(Wikipedia image by Matthew Field.)
I’ve noticed this bee several times over the past few years: gigantic (bumblebee-sized or bigger), a beautiful golden color all over, with a habit of hovering for minutes at a time, pausing a few seconds in one place, moving a few feet, hovering again, and repeating, in a circuit that causes it to cruise a limited area over and over. Every time I’ve seen it engaged in this “hover patrol” it has been near some flowers being visited by ordinary honeybees, but I’ve never seen the giant golden bee actually land. I might be reading too much into it, but I get the impression that the bee is aware of me; it seems to face me and check me out, then decides I’m uninteresting and moves on.
I’ve seen this bee in our front yard in Carp, and outside the office building where I work in Santa Monica. (I’ve mentioned my ridiculously long commute, right?) Last Sunday William and I watched one patrolling outside some condos on Sandyland Road, as we walked from the State Beach campground (where we spent the night Sunday night) to the marsh and back.
I asked William what he thought the bee was doing. What’s up with that ceaseless patrol? It has to have a reason, I argued. The bee wouldn’t devote all that energy to the behavior unless there was some point to it.
I’ve tried to google for information about the bee before, without success. Today I tried again, and hit the jackpot.
The bee is the Valley carpenter bee, Xylocopa varipuncta. I’m used to seeing the female patrolling the eaves of houses and other wooden structures, looking for good spots to make a nest hole, and I knew that big black bee was a carpenter bee, but I never realized that this big golden bee was the male of the same species. An article from the UC Davis Department of Entomology quotes entomologist Lynn Kimsey as follows:
Carpenter bees, measuring about an inch long, are the largest bees in California. Their eggs are the largest of all insect eggs. The Valley carpenter bee egg can be 15mm long.
The males are territorial, Kimsey said, and can be quite aggressive. They hover and lie in wait for passing females.
“Female carpenter bees sting, but the males don’t have that apparatus,” Kimsey said. “You can pick up the fuzzy males and they won’t sting you.”

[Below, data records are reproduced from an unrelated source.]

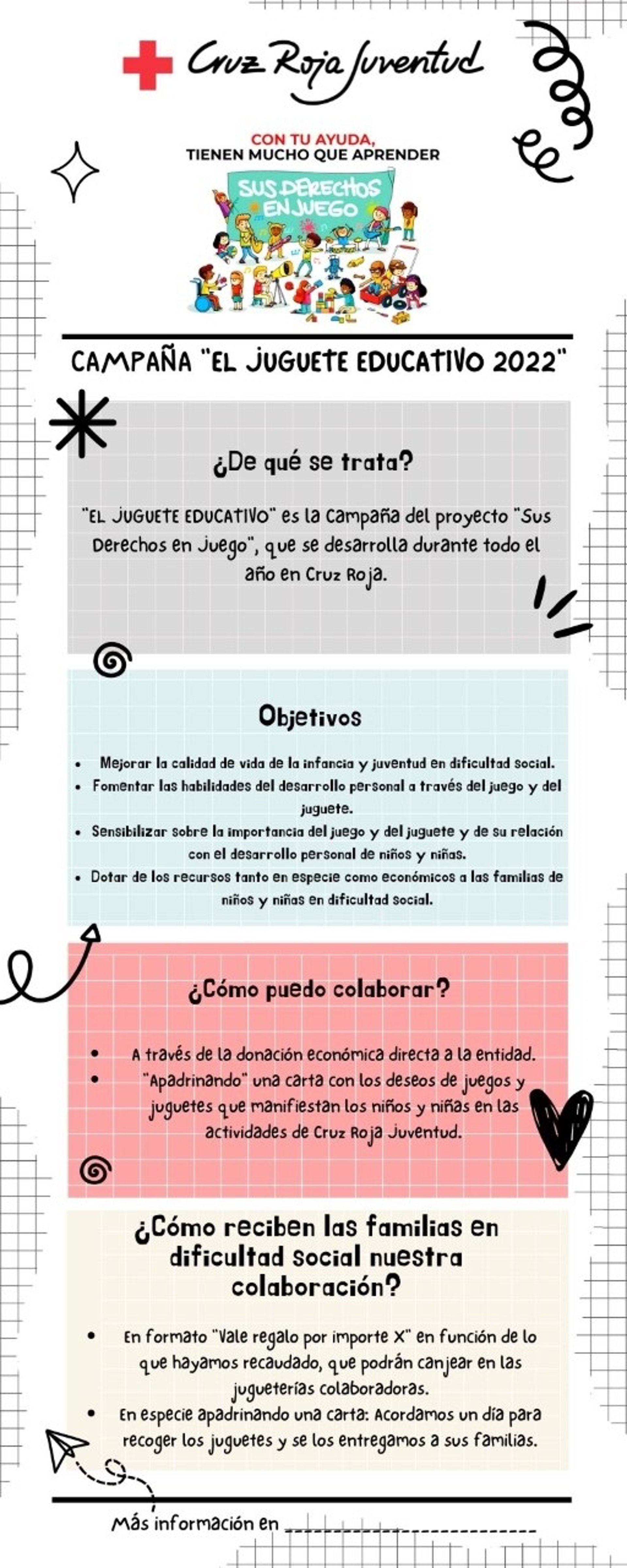 Todo ello con el objetivo de promover el uso de juegos y juguetes como herramienta educativa y de trasmisión de valores en el contexto escolar y familiar. La crisis derivada de la situación sanitaria por la COVID-19 ha empeorado la situación de muchas familias atendidas por Cruz Roja, y por ello, esta campaña cobra aún más importancia en este contexto en el que se busca garantizar que estos niños, niñas y jóvenes no tengan dificultades para el acceso al juego.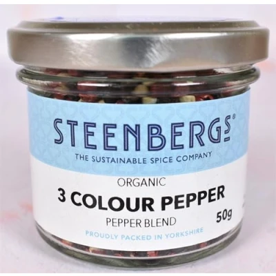Steenbergs Organic 3 Colour Peppercorn Mix Standard Jar 50g glass jar easily recyclable or reusable Blended and Packed by Steenbergs in North Yorkshire, UK, B-Corp cerified Steenbergs The Sustainable Spice Company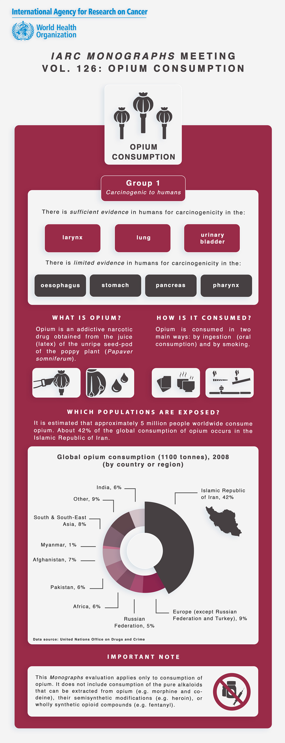 Opium, an addictive narcotic drug, is produced from the poppy plant, Papaver somniferum, and can be consumed as a variety of preparations, either by smoking or by ingestion. Opium derivatives (e.g. opiates such as morphine and heroin) and opioids (e.g. fentanyl) were not considered by the Working Group.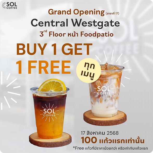 SOL Coffee's 17th branch is now open at Central Westgate, 3rd floor, in front of Foodpatio. 🎊☀️ Celebrate the grand opening of SOL Coffee with a buy-one-get-one-free promotion for the first 100 cups! This offer is valid for one day only. 📣 August 17, 2025 📣 See you there! 📍 SOL Coffee - Central Westgate, 3rd floor, in front of Foodpatio 🕙 Open daily: 10:00 AM - 9:50 PM 🛵 Grab Food: Click here >> https://grb.to/4jS4cxO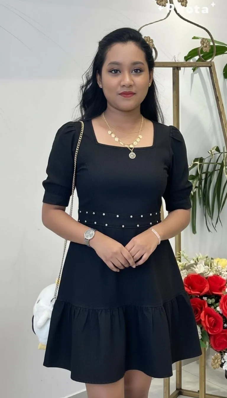 Generate a vibrant full-size Western mini dress in sleek black using our AI image generator. Create stylish black mini dress designs from text prompts for fashion inspiration. Perfect for digital wardrobes, social content, and AI-powered fashion visualization.

User INaturalist at bugguide.net posted this great image of the bee:
INaturalist wrote:
These big chubby guys come out in the spring and fly around in the willows where Coyote Creek flows into the percolation ponds. In Sunnyvale I find them in the Baccharis at the WPC ponds. They have a very short flight season — a couple of weeks and they’re gone. The females are black and yellow. This one is a drone — presumably its only function is to mate, so what is it doing patrolling? Waiting for a receptive virgin queen to emerge?
I think INaturalist’s speculation is probably right: The bee is on the lookout for females, and is patrolling a territory he’s staked out that seems likely to attract them.